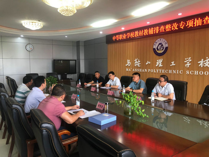 8月3日下午,安徽省教育厅教材教辅排查整改专项抽查工作组在市教育局职成教办主任黄加根的陪同下,到马鞍山理工学校检查工作。
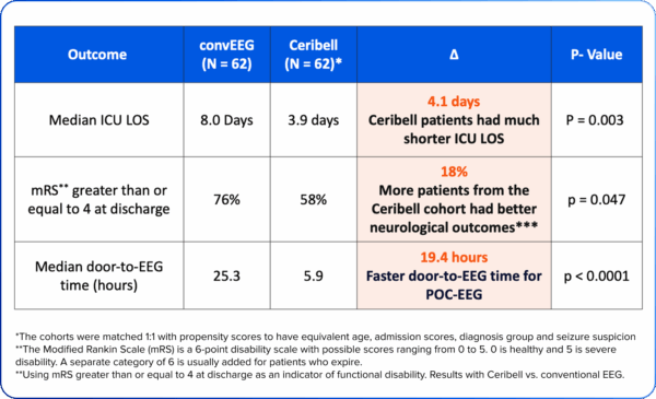 Shorter ICU length of stays and improved patient outcomes with Ceribell compared to conventional EEG only13
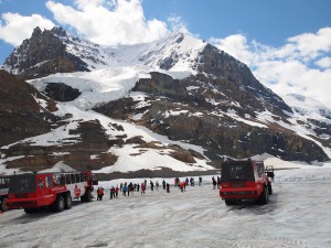 巨大なタイヤの雪上車で氷河散策「コロンビア大氷原」
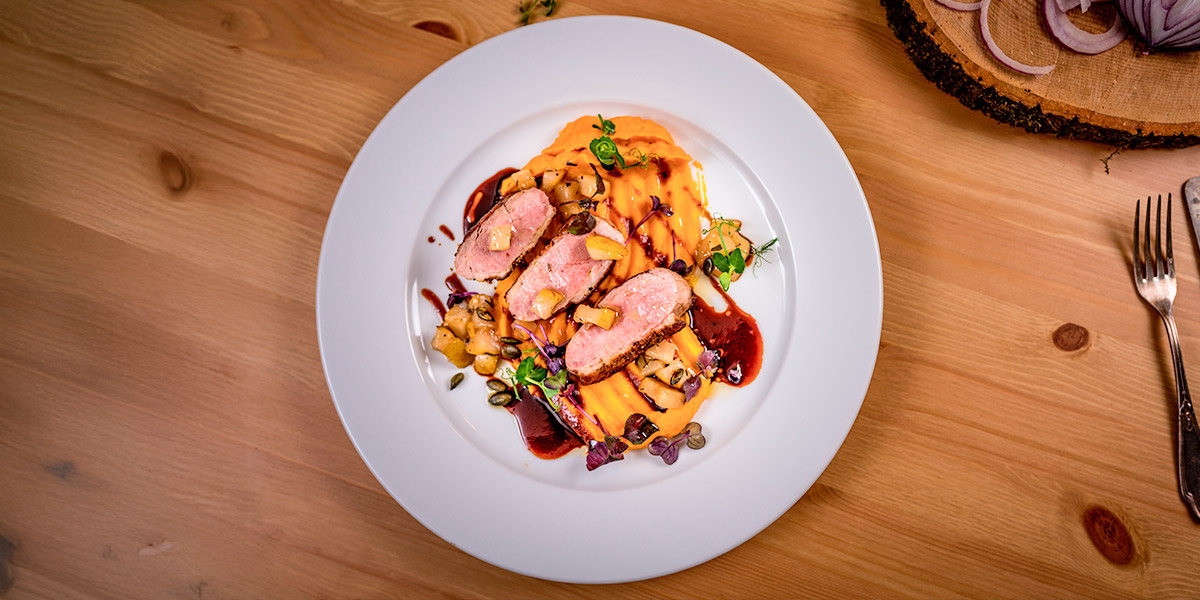 140g masa hovězí mleté maso (řeznictví Chvapil Řisuty), rokfór, nakládaná hruška, majonéza z konfitovaného česneku
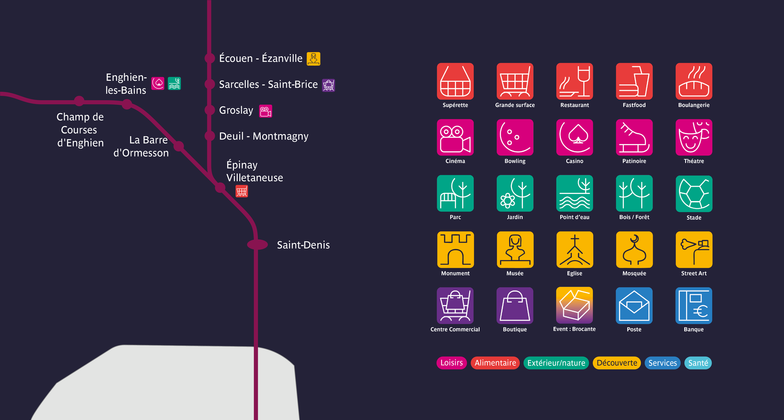 Pour ce projet mon but sera alors de trouver un moyen d'indiquer 6 grandes catégories d'activités de proximités autour d'une gare à travers un dispositif digital et signalétique.

◆ Task details: Leave the pictures out. Output exactly, and only, the lines from the one with "Shorter ICU length" through the last line of the listing above, both included.

◆ Written response:
 Shorter ICU length of stays and improved patient outcomes with Ceribell compared to conventional EEG only13
 巨大なタイヤの雪上車で氷河散策「コロンビア大氷原」
 140g masa hovězí mleté maso (řeznictví Chvapil Řisuty), rokfór, nakládaná hruška, majonéza z konfitovaného česneku
 Pour ce projet mon but sera alors de trouver un moyen d'indiquer 6 grandes catégories d'activités de proximités autour d'une gare à travers un dispositif digital et signalétique.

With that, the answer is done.